Notorious for their hard-partying, boozy tours and ragged concerts, the Faces lived the rock & roll lifestyle to the extreme. When Stewart's solo career became more successful than the Faces, the band slowly became subservient to his personality; after their final studio album, Ooh La La, in 1973, Lane left the band. After a tour in 1974, the band called it quits.
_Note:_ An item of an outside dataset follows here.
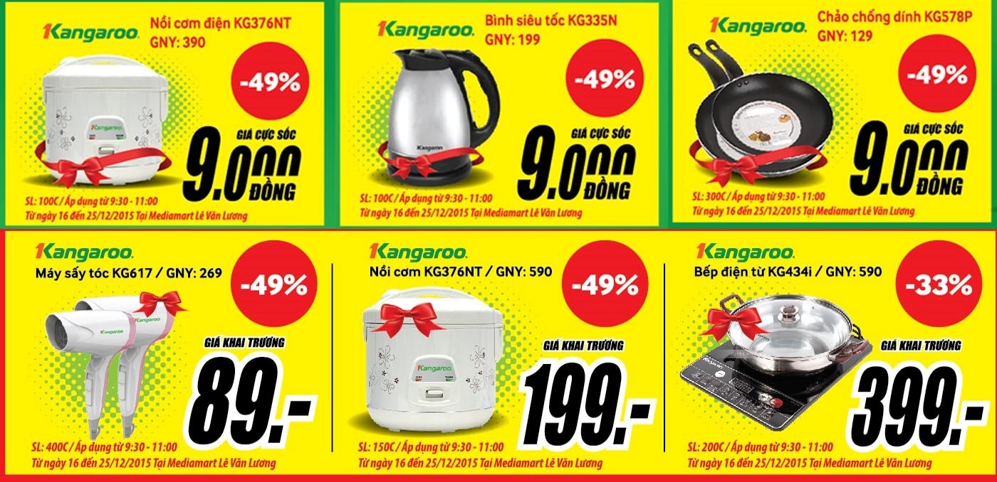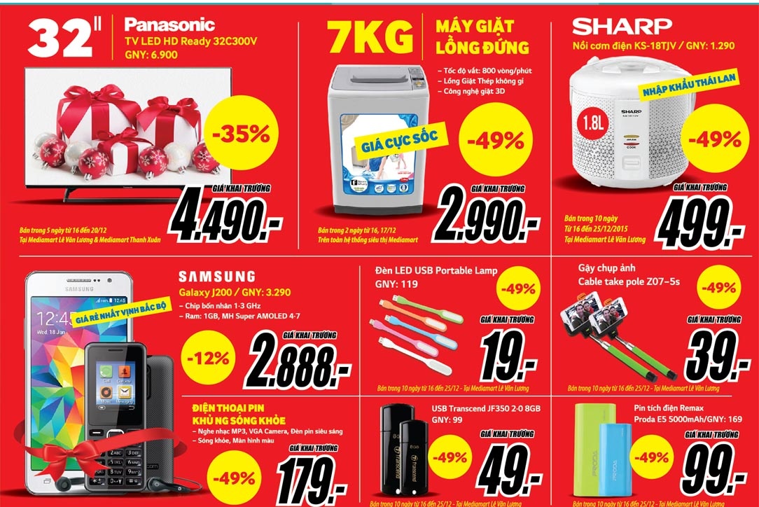 Tham gia sự kiện khuyến mãi lớn nhất trong năm tại MediaMart, khách hàng dễ dàng mua sắm các sản phẩm TV LED, máy giặt, tủ lạnh, thiết bị nhà bếp, smartphone, tablet chính hãng với mức giảm giá đến 50%: TV Slim LED 32 inch giá chỉ 3,69 triệu đồng, TV LED Panasonic 32 inch giảm 35% còn 4,49 triệu đồng, máy giặt lồng đứng 7 kg giá chỉ 2,99 triệu đồng, smartphone Samsung Galaxy J200 giá chỉ 2,888 triệu đồng, Nokia Lumia 430 chỉ 1,238 triệu đồng, điện thoại di động pin khủng sóng khỏe giá 179.000 đồng, USB 8 G giá chỉ 49.000 đồng, pin tích điện Remax 500 mAh giá còn 99.000 đồng…

Wood joined the Rolling Stones, drummer Kenny Jones eventually became part of the Who, and keyboardist Ian McLagan became a sought-after supporting musician; Stewart became a superstar, although he never matched the simple charm of the Faces.

While they were together, the Faces never sold that many records and were never considered as important as the Stones, yet their music has proven extremely influential over the years. Many punk rockers in the late '70s learned how to play their instruments by listening to Faces records; in the '80s and '90s, guitar rock bands from the Replacements to the Black Crowes took their cue from the Faces as much as the Stones. Their reckless, loose, and joyous spirit stayed alive in much of the best rock & roll of the subsequent decades.

Lane was diganosed with multiple sclerosis in the 1970s but continued to work. He relocated to Austin, Texas in the 1980s and worked until the disease claimed his life in 1997.

MacLagan also relocated to Austin, where he became an integral part of the city's vibrant music scene. In addition to leading his own group, the Bump Band, he collaborated with musicians—well known and obscure—in recording sessions and on the stage. He suffered a stroke on December 2, 2014, and passed away a day later.